American self-help author, motivational speaker, and entrepreneur

Steve Pavlina (born April 14, 1971) is an American self-help guru, motivational speaker and entrepreneur. He is the author of the web site stevepavlina.com and the book Personal Development for Smart People.

==Background==
Steve was born and raised in Los Angeles, the eldest of four kids. During his childhood, Steve went to a private Jesuit high school.

On January 27, 1991 Pavlina was arrested for grand theft in Sacramento, California and given 60 hours of community service. He claims that this was the impetus he needed to turn his life around, he also claims that he was let off a much worse sentence owing to a mistake in the legal process.

Prior to starting his personal development site, Pavlina founded Dexterity Software, an independent computer game developer and publisher. He described in a blog post how he transitioned from one identity (as a game publisher, forum participant etc.) into a public speaker and self-help blogger, by removing shortcuts from his desktops and favorites, reducing anything gamer-related, such as contacts, obligations, e-mails, and relationships, in order to be surrounded by an environment that completely reinforced the new identity.

Steve Pavlina served as Vice President of the Association of Software Professionals (ASP) in 1999 and President of the ASP in 2000. By this stage, Steve's writings in the software development community were already having some impact. The ASP's Hall of Fame page describes him as having had "a significant, lasting influence on others via his articles and postings".
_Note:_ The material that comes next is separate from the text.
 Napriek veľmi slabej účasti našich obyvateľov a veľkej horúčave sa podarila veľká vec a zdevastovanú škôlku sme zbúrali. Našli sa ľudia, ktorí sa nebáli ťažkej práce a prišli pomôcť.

In 2004, Steve Pavlina began a web site and blog dedicated to personal development, StevePavlina.com ("Personal Development for Smart People"). Dexterity Software went dormant at this time and on October 31, 2006, Steve closed Dexterity Software in order (he said) to focus full-time on the website and blog.
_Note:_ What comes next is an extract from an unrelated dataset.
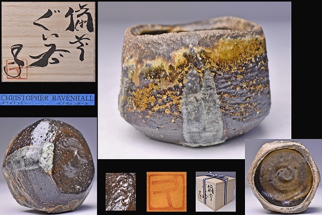 > クリストファー レイヴェンホール ★ 備前 ぐい呑 ★ 共箱 共布 栞 ★師:多久守★面取の造形素晴らしく景色抜群★ Christopher Ravenhall
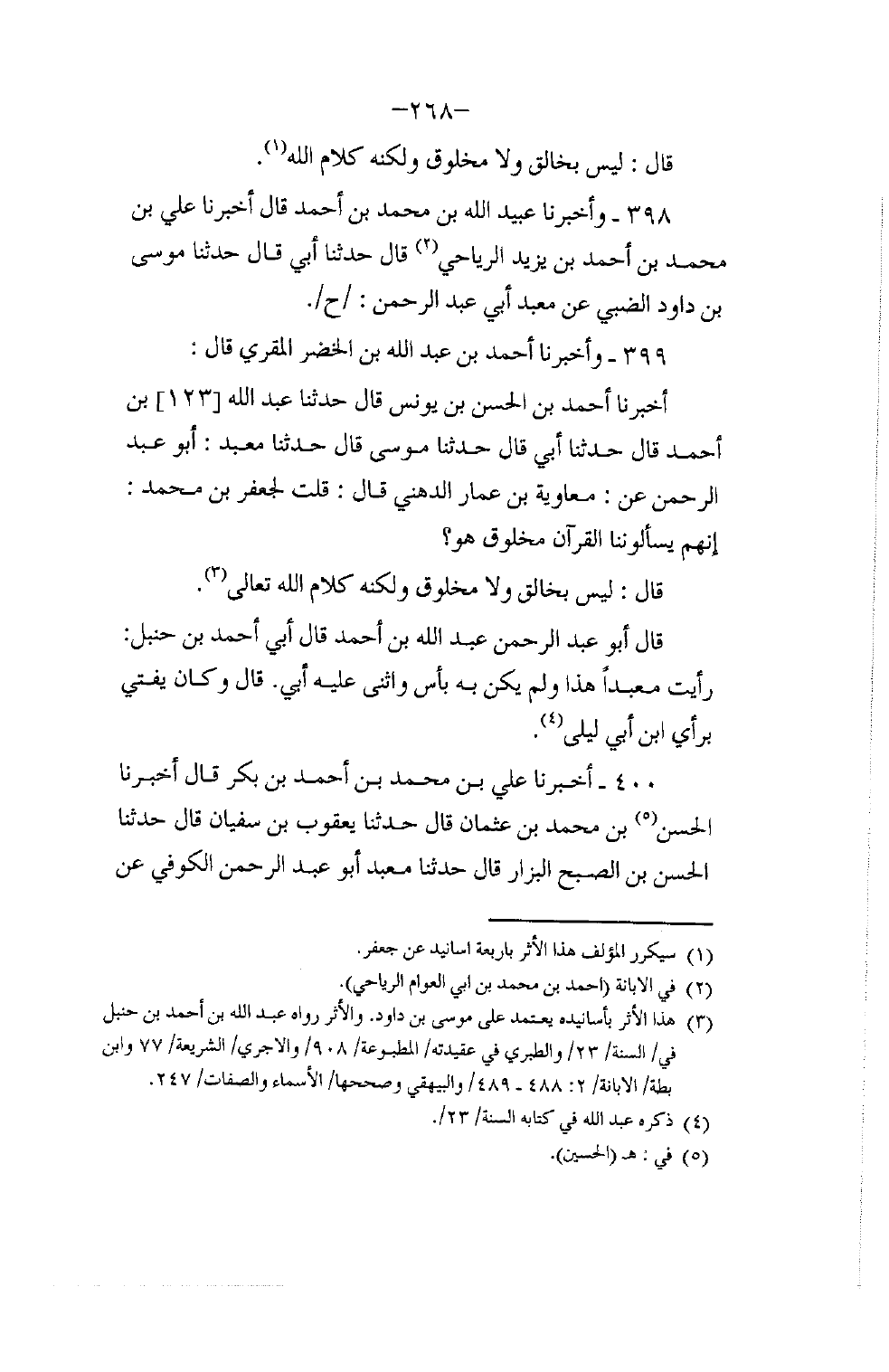 399 - وَأَخْبَرَنَا أَحْمَدُ بْنُ عَبْدِ اللَّهِ بْنِ الْخَضِرِ الْمُقْرِئُ قَالَ: أَخْبَرَنَا أَحْمَدُ بْنُ الْحَسَنِ بْنِ يُونُسَ قَالَ: حَدَّثَنَا عَبْدُ اللَّهِ بْنُ أَحْمَدَ قَالَ: حَدَّثَنَا أَبِي قَالَ: حَدَّثَنَا مُوسَى قَالَ: حَدَّثَنَا مَعْبَدٌ أَبُو عَبْدِ الرَّحْمَنِ , عَنْ مُعَاوِيَةَ بْنِ عَمَّارٍ الدُّهْنِيِّ قَالَ: قُلْتُ لِجَعْفَرِ بْنِ مُحَمَّدٍ: إِنَّهُمْ يَسْأَلُونَنَا عَنِ الْقُرْآنِ , مَخْلُوقٌ هُوَ؟ قَالَ: §«لَيْسَ بِخَالِقٍ وَلَا مَخْلُوقٍ , وَلَكِنَّهُ كَلَامُ اللَّهِ تَعَالَى» قَالَ أَبُو عَبْدِ الرَّحْمَنِ عَبْدُ اللَّهِ بْنُ أَحْمَدَ: قَالَ أَبِي أَحْمَدُ بْنُ حَنْبَلٍ: رَأَيْتُ مَعْبَدًا هَذَا وَلَمْ يَكُنْ بِهِ بَأْسٌ وَأَثْنَى عَلَيْهِ أَبِي , قَالَ: وَكَانَ يُفْتِي بِرَأْيِ ابْنِ أَبِي لَيْلَى

On October 15, 2008, Hay House published Pavlina's book Personal Development For Smart People. The book expands upon several topics featured on his blog.

==Personal development blog==
Pavlina's blog covers topics such as personal development and success; consciousness and courage; productivity, motivation and goal setting; career, wealth and business; and spirituality. One trial he allegedly performed involved polyphasic sleep, with a related article on early rising appearing in the British newspaper The Guardian and other newspapers and magazines. He has also promoted veganism, having been one since 1997.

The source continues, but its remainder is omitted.